Complete implementation:
@Service
public class AsyncBatchListener {
private static final Logger log = LoggerFactory.getLogger(AsyncBatchListener.class);
@Autowired
private ExecutorService kafkaProcessorPool;
@Autowired
private OrderProcessor orderProcessor;
@KafkaListener(
topics = "orders",
containerFactory = "batchAsyncFactory"
)
public void processBatch(
List<ConsumerRecord<String, Order>> records,
Acknowledgment acknowledgment) {
log.info("Received batch of {} records", records.size());
// Create a future for each record
List<CompletableFuture<Void>> futures = new ArrayList<>();
for (int i = 0; i < records.size(); i++) {
final int index = i;
final ConsumerRecord<String, Order> record = records.get(i);
CompletableFuture<Void> future = CompletableFuture.runAsync(() -> {
try {
orderProcessor.process(record.value());
log.debug("Successfully processed record at index {}", index);
} catch (Exception e) {
log.error("Failed to process record at index {}", index, e);
throw new CompletionException(e);
}
}, kafkaProcessorPool);
futures.add(future);
}
// Wait for all futures to complete
try {
CompletableFuture.allOf(futures.toArray(new CompletableFuture[0]))

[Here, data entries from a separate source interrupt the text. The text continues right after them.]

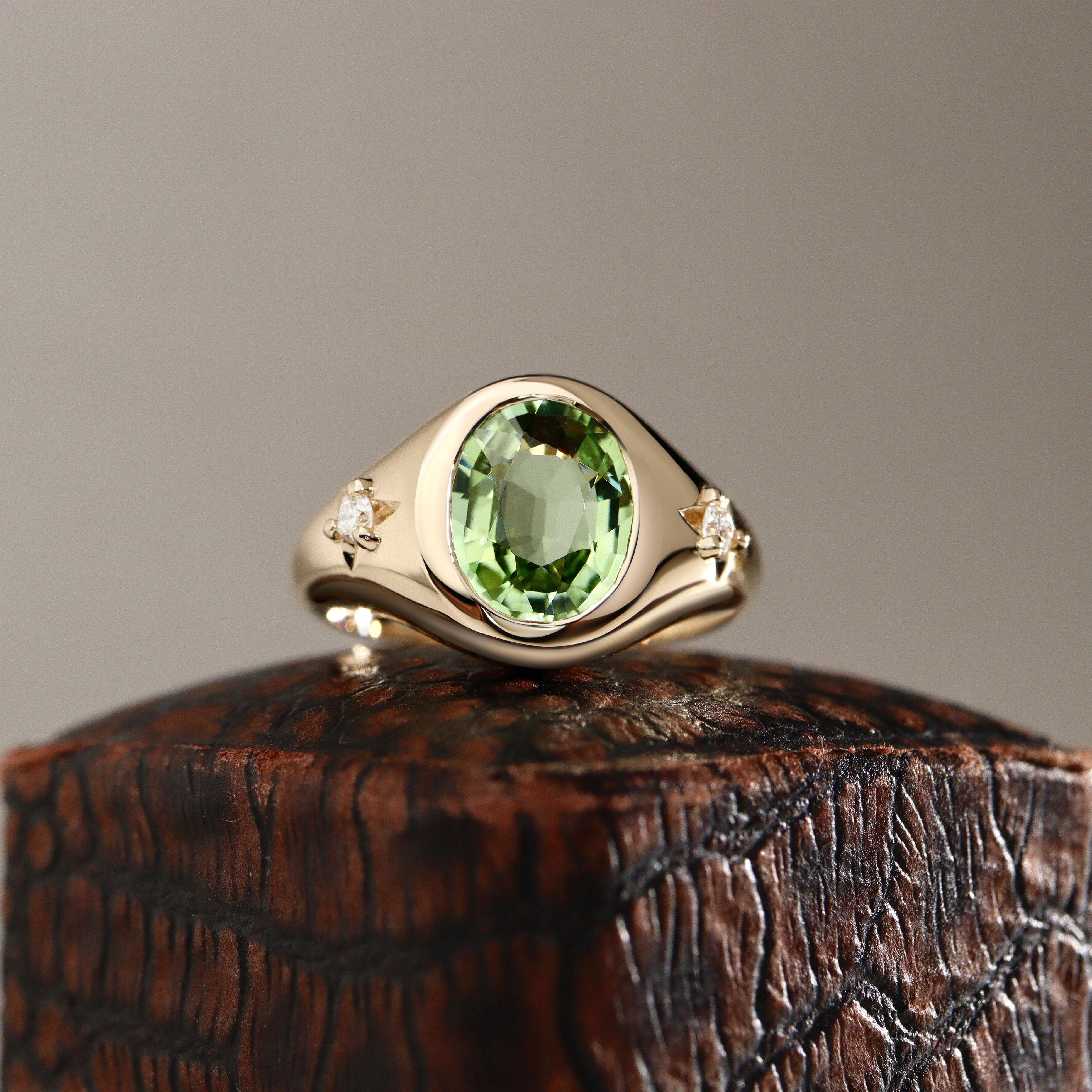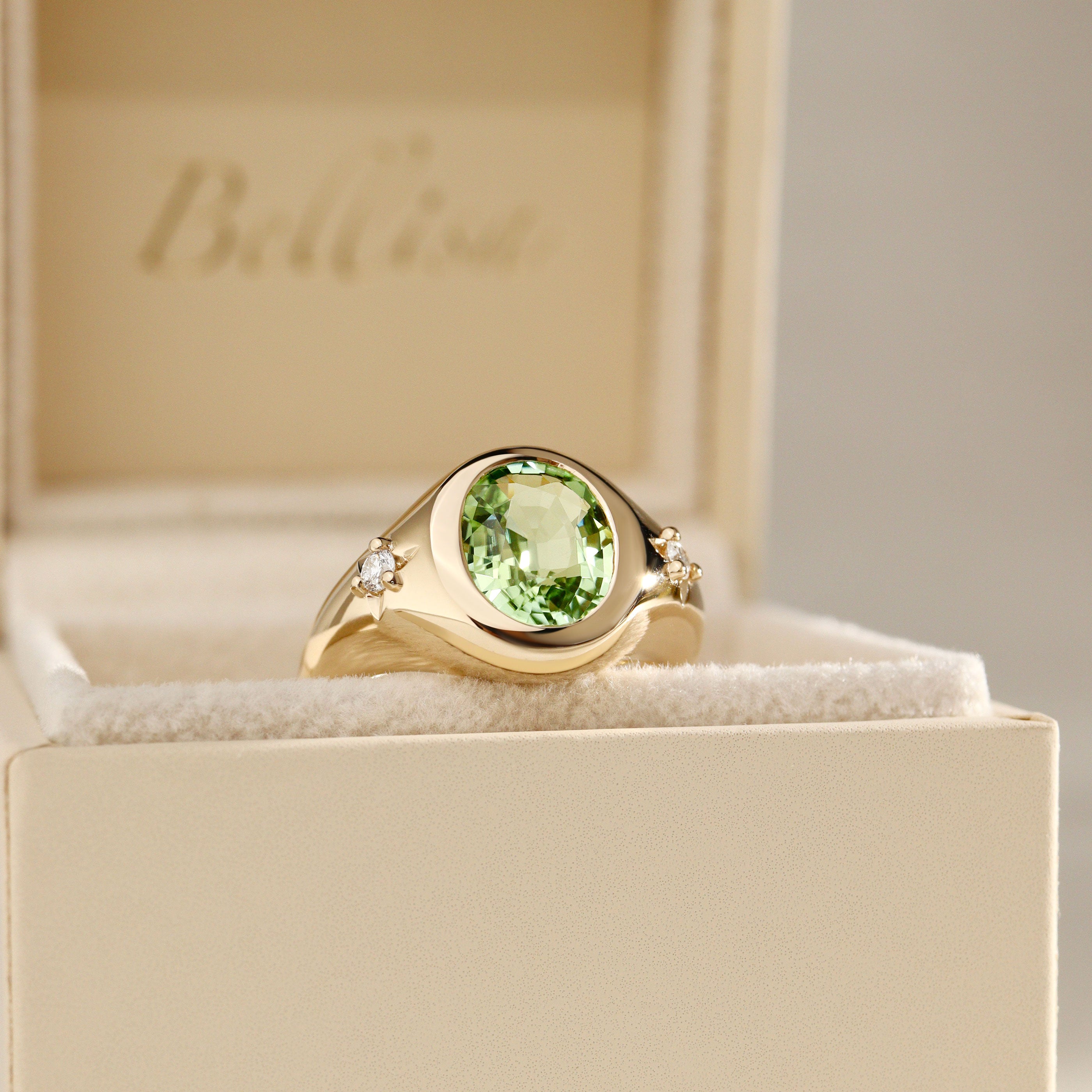 With an ethically sourced tourmaline set in a bezel, this ring is meant to shine under any circumstances. On the ring shank, we add an engraved star setting with natural white diamonds that give it a vintage touch.
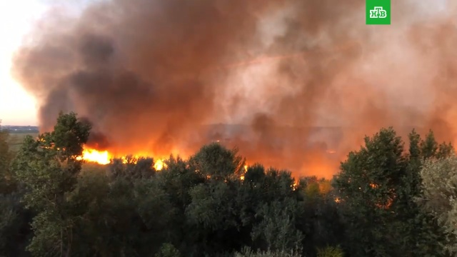 «Напоминает сцену из апокалипсиса», — пишет один из очевидцев в соцсетях. На кадрах видно, как стена из огня окружает заросшее камышом озеро.
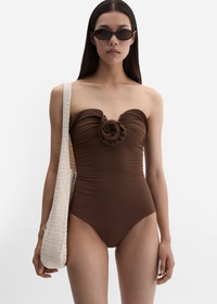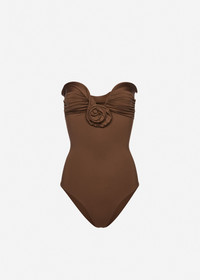 Embrace pool-side elegance with this rose bustier swimsuit. Featuring a sweetheart neckline with ruffle accents and a signature rosette at the center, this piece combines refined structure and femininity. The contoured silhouette creates a flattering fit, making it a standout addition to any swimwear collection. Details ID: 608426 Shell 80% Polyamide 20% Elastane Sizing This piece has a regular fit. Model is wearing a size 34.
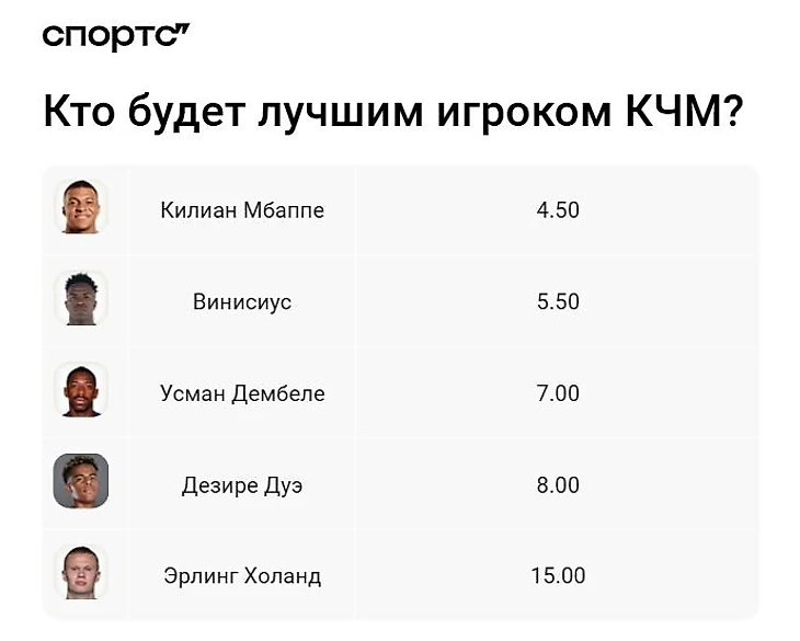 Автор дубля в финале Лиги чемпионов предсказуемо сменил статус у букмекеров. Теперь его оценивают почти на одном уровне с привычными фаворитами. В этот раз Дезире уступает только Мбаппе, Винисиусу и Дембеле.

.join(); // Blocks until all complete
// All succeeded → commit offset
acknowledgment.acknowledge();
log.info("Batch processed successfully, offset committed");
} catch (CompletionException e) {
log.error("Batch processing failed, offset NOT committed", e);
// Don't acknowledge → entire batch will be redelivered
// This ensures no message loss but can cause duplicates
}
}
}
Key points:
- Uses
MANUAL_IMMEDIATEack mode CompletableFuture.allOf()waits for all tasks to complete- Only calls
acknowledge()if all tasks succeed - If any task fails → batch is redelivered
Trade-off: This approach guarantees no message loss but means the entire batch is reprocessed if any single message fails.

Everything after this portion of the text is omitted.